GoDaddy, the domain registration and management giant, is now migrating their majority of their infrastructure and data warehouse to AWS. GoDaddy group decided to go with AWS due to its deep experience in delivering a highly reliable global infrastructure, as well as an unmatched track record of technology innovation, to support their rapidly expanding business.
GoDaddy is the world's largest web host by market share, with over 62 million registered domains. This global growth has led to extremely large amount of data being generated across various projects and teams. Multiple teams of GoDaddy wanted to streamline their process of cleaning data before loading it into Amazon S3. This called for a generic configuration based framework to reduce the development efforts, which can be used across the different teams of GoDaddy.
Why Amazon Web Services
Running a cleaning process on more than 40 tables with huge amounts of data requires a scalable and cost-effective infrastructure, which is why Virtue Tech recommended GoDaddy to go with AWS as the capacity provided by AWS is a perfect fit. It gives the broadest and deepest portfolio of purpose-built analytics services optimized for unique analytics use cases. These services are all designed to be the best in class, which means we never have to compromise on performance, scale, or cost when using them. Spark on Amazon EMR runs 3x faster than standard Apache Spark 3.0 and we can run Petabyte-scale analysis at less than half of the cost of traditional on-premises solutions.
Running Critical Applications on AWS
GoDaddy provisions Amazon Elastic Map Reduce (Amazon EMR) cluster to run generic configuaration based Pyspark framework, which has automated the entire process of loading the clean data to AWS Glue. This framework is developed in such a way that user is given option of handle incremental as well historical data for both partitioned and non-partitioned tables. In addition to that, it supports txt, csv, json and parquet input file formats. It also handles slowly changing dimensions (SCD), depending upon the usecase. Column mapping feature of this framework helps the user to map the raw column name from source to new column names in AWS Glue tables, which enables all the stakeholders from GoDaddy to run their SQL like queries and analyze the same on AWS glue and Amazon Athena. Not only is the process of querying now simpler, but the queries themselves also take much less time to complete, since the queries now runs on Amazon Athena, and thus reports takes no time to generate, which earlier used to take lots of time.

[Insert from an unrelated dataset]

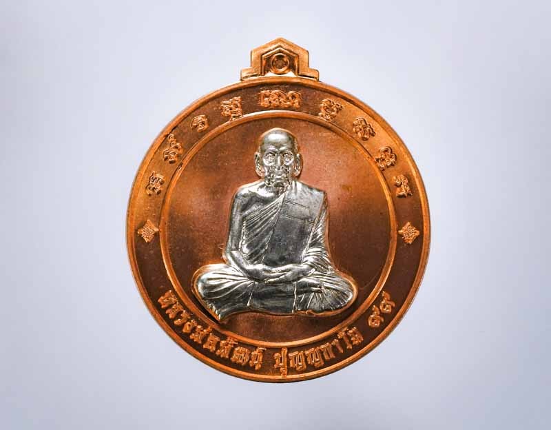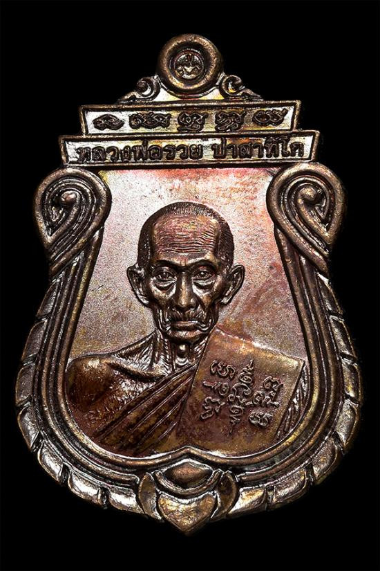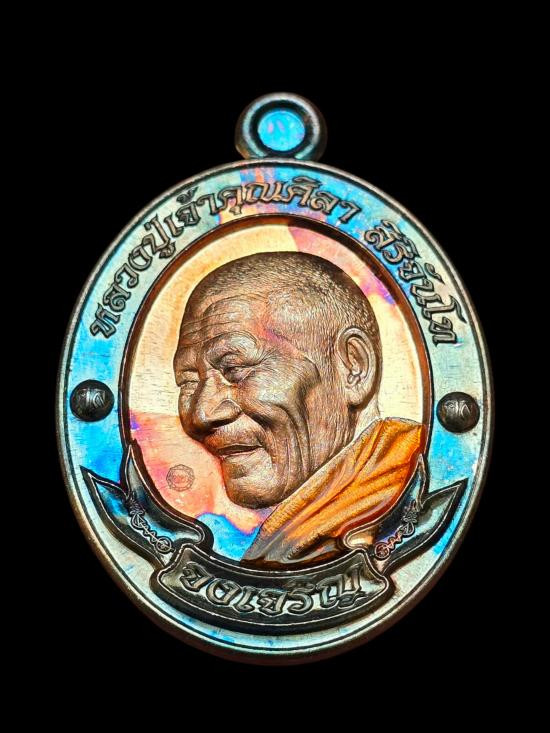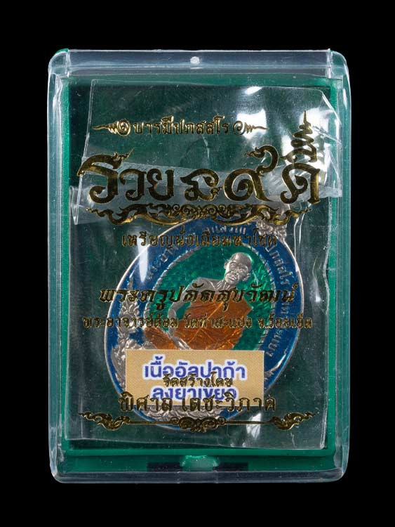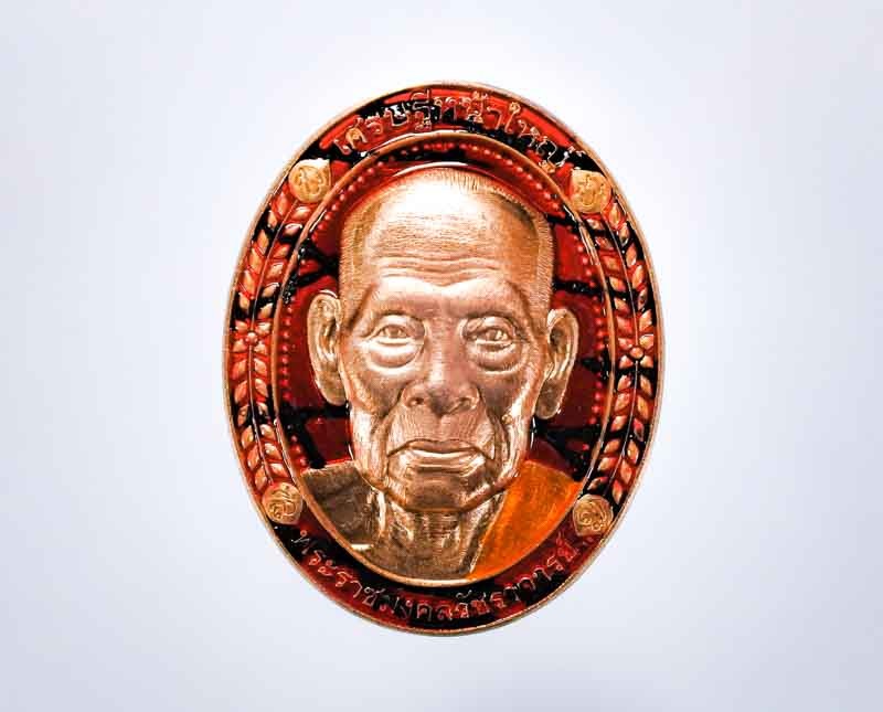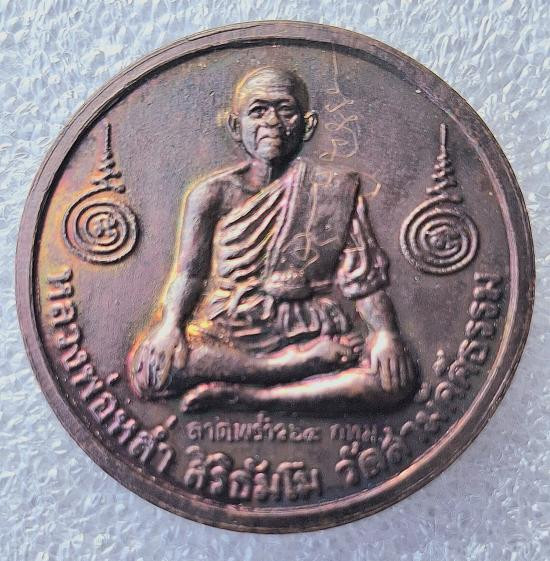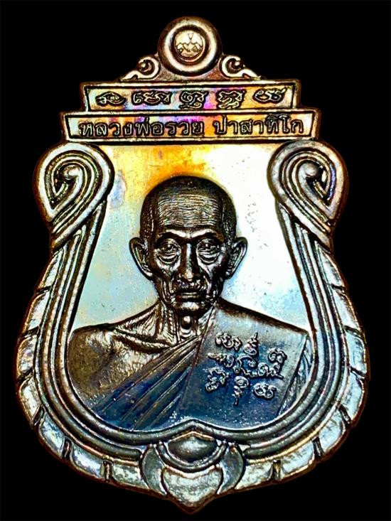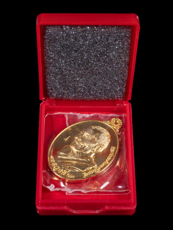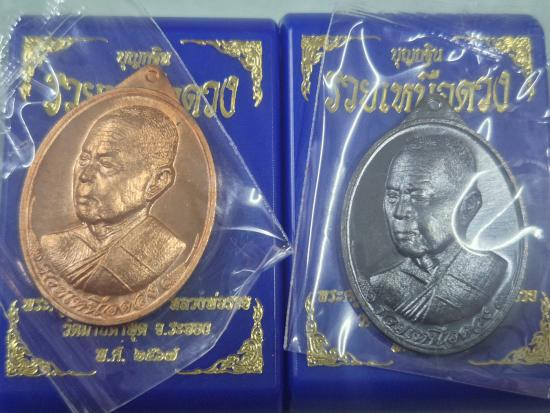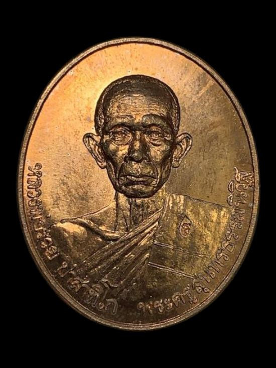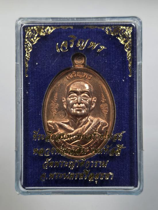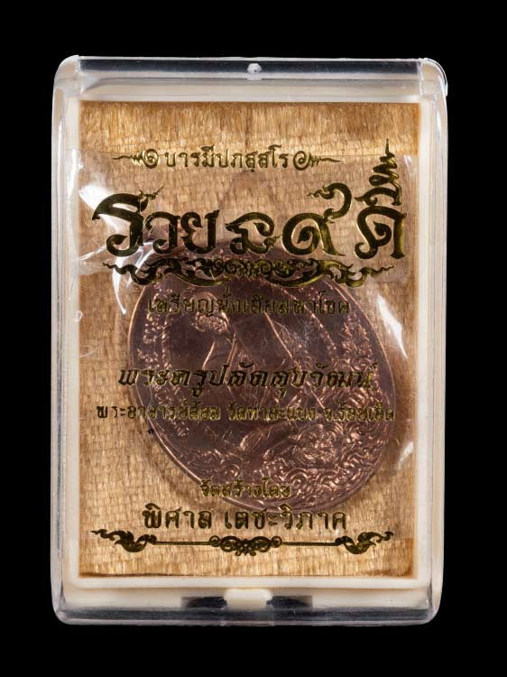เหรียญหลวงพ่อรวยรุ่นอายุวัฒนมงคล เนื้อทองแดงรมดำ พร้อมกล่องเดิม |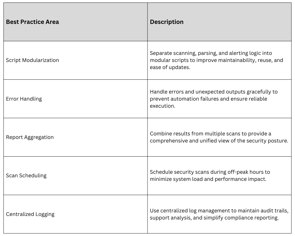 fiBest Practices: Running scans regularly through cron jobs or systemd timers to ensure continuous security assessment. Detailed logging should be enabled to support auditing, compliance, and troubleshooting activities. Additionally, customizing Lynis profiles for environment-specific checks helps ensure the scans are aligned with organizational policies and system requirements.

GoDaddy Clean Layer System Configuration Diagram
GoDaddy’s decision to move to a new AWS-based architecture to streamline the process of loading clean data across multiple teams helped the company save on time and money. With an on-premise solution, developing the framework for each team, used to take more than two weeks of time; however, after migrating to AWS and streamlining the process, the process takes hardly a day or two, as only system configuration file needs to be created. Running framework on Amazon EMR not only made the process 3x times faster but also saved on more than 50-80% of total costs.